Do Alcohol Delivery Apps Feed Isolation & Addiction?
For someone in recovery from an alcohol use disorder, there are a few simple tenets. Be careful of the people, places, and things that might cause emotional triggers. Take things one day at a time. And the one that has become a sticky wicket in the past three years: do not isolate. Isolation and alcohol delivery apps go hand-in-hand, as evidenced by the boon in alcohol delivery in 2020. There was a 43% increase in alcohol delivery during the COVID 19 lockdowns.
And with names like Drizly, Saucey, and MiniBar, alcohol delivery apps feed the need for speedy gratification in the privacy of home. For those who don’t misuse alcohol, delivery apps are a convenience; perhaps a bottle of wine is included in a food order. But for those in recovery, or individuals who misuse alcohol, the ease and anonymity of apps can be a danger.

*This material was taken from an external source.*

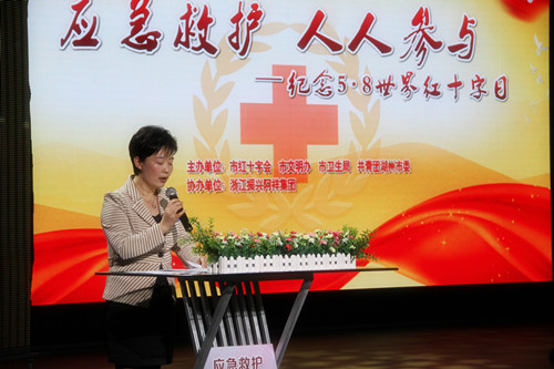 湖州市红十字会专职副会长吴康丽介绍全市应急救护培训工作
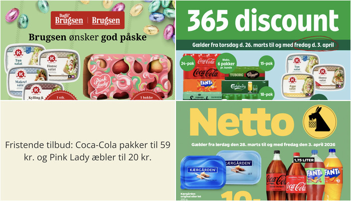 Coop365 tilbyder et udvalg af drikkevarer, herunder Coca-Cola, Fanta, Tuborg Squash eller Carlsberg, Tuborg i pakker af 15-24 x 33 cl til kun 59 kr. pr. pakke. Husk, der er en begrænsning på maks. 6 pakker pr. kunde. Tilbuddet gælder fra torsdag den 26. marts til fredag den 3. april.

Why Do Alcohol Delivery Apps Feed Isolation & Addiction?
Social isolation and addiction have always been a power couple. It is a lot easier to avoid arguments with family members or significant others if they don’t know what you are up to. The problem is, that over time the person with an addiction starts to depend on the drug or alcohol for a sense of well-being. The substance use takes on a higher importance; it’s like a jealous lover. And more normal, socially acceptable relationships with self, other people, and community fall by the wayside.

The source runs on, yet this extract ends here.